## TASK DETAILS
Without any pictures, retype exactly the lines that begin at the one holding "Диспенсер для зубної" and end at the last line of the data below.

(Collection entries)
- - - - -

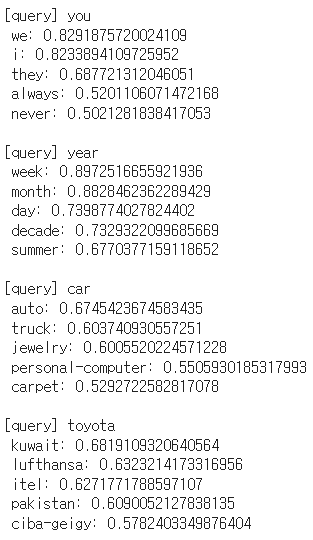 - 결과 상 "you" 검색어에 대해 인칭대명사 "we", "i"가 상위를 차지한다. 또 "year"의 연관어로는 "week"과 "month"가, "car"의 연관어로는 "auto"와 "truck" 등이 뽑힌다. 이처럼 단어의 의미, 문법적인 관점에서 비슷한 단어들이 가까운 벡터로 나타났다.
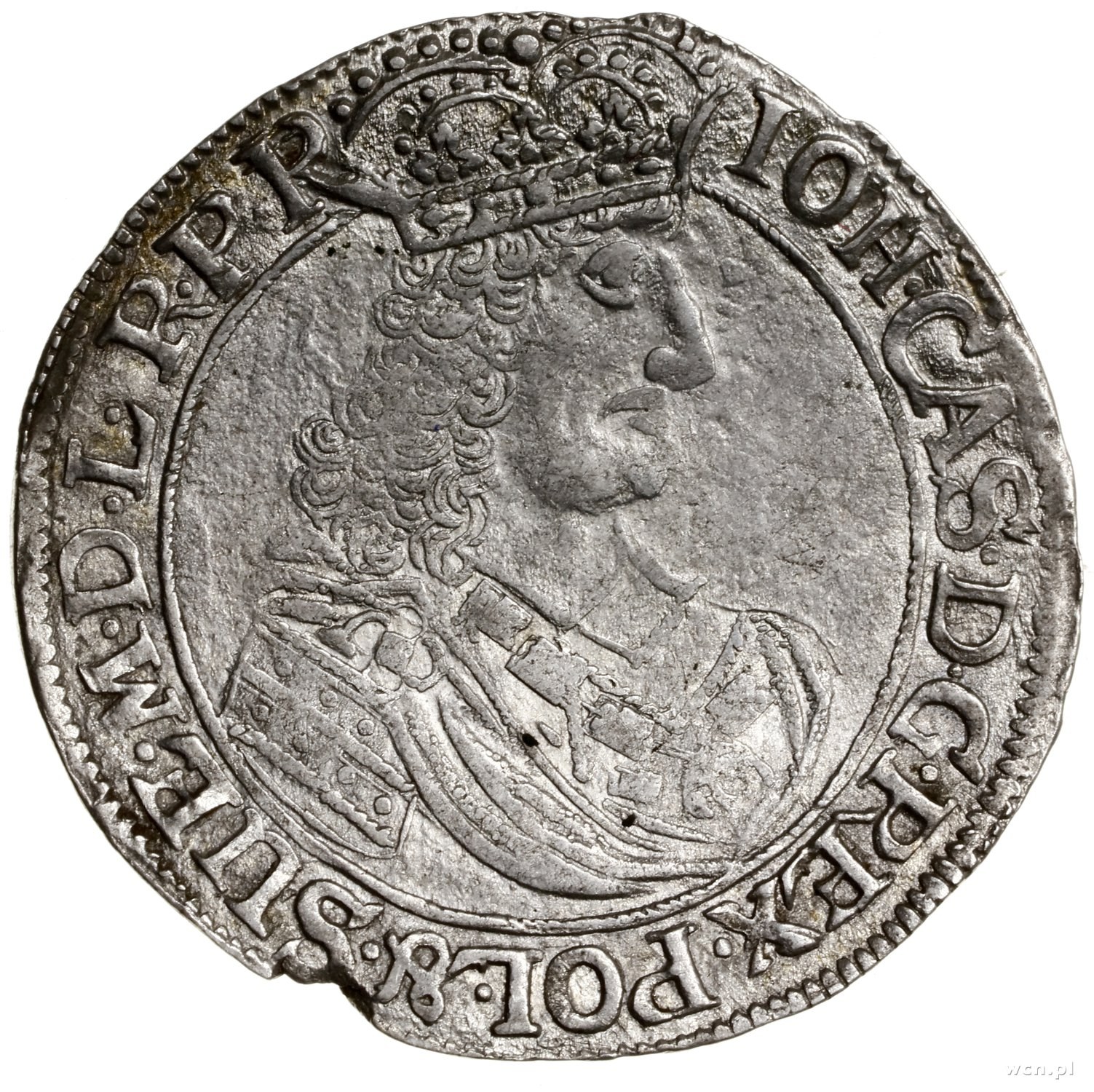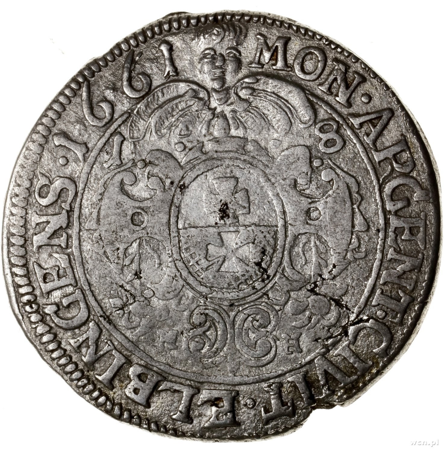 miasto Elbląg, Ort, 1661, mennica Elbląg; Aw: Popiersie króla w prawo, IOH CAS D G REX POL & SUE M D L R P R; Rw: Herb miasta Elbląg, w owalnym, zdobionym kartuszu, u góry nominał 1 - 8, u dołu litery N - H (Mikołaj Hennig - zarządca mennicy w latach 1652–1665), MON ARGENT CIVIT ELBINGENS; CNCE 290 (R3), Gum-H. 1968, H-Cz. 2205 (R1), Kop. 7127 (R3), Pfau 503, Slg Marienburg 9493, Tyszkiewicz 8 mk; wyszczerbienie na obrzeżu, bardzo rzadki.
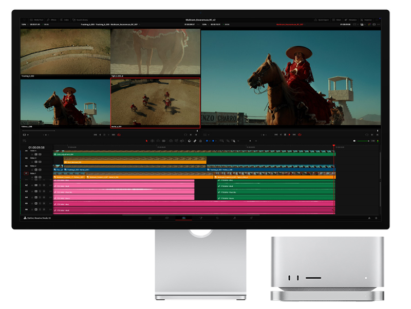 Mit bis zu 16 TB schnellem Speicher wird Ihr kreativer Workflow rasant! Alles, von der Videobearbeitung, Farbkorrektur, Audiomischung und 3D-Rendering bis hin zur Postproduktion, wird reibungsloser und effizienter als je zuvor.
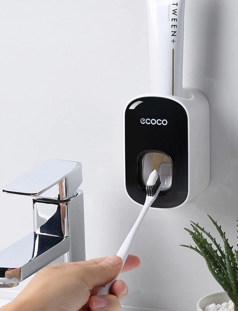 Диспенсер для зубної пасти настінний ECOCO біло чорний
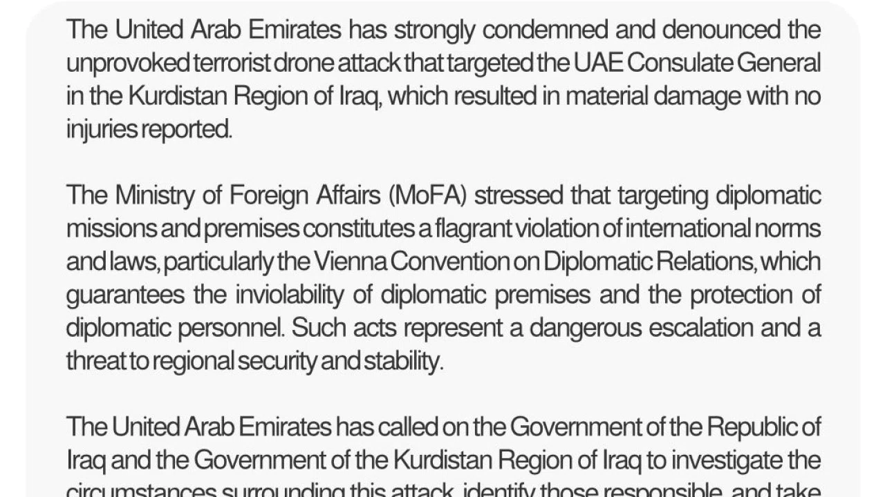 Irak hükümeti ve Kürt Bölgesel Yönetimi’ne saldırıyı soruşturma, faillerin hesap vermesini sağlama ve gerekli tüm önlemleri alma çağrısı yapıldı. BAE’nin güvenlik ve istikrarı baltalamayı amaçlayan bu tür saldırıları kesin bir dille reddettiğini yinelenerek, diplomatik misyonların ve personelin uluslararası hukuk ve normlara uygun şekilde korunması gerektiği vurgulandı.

- - - - -

## EXPECTED OUTPUT
 Диспенсер для зубної пасти настінний ECOCO біло чорний
 Irak hükümeti ve Kürt Bölgesel Yönetimi’ne saldırıyı soruşturma, faillerin hesap vermesini sağlama ve gerekli tüm önlemleri alma çağrısı yapıldı. BAE’nin güvenlik ve istikrarı baltalamayı amaçlayan bu tür saldırıları kesin bir dille reddettiğini yinelenerek, diplomatik misyonların ve personelin uluslararası hukuk ve normlara uygun şekilde korunması gerektiği vurgulandı.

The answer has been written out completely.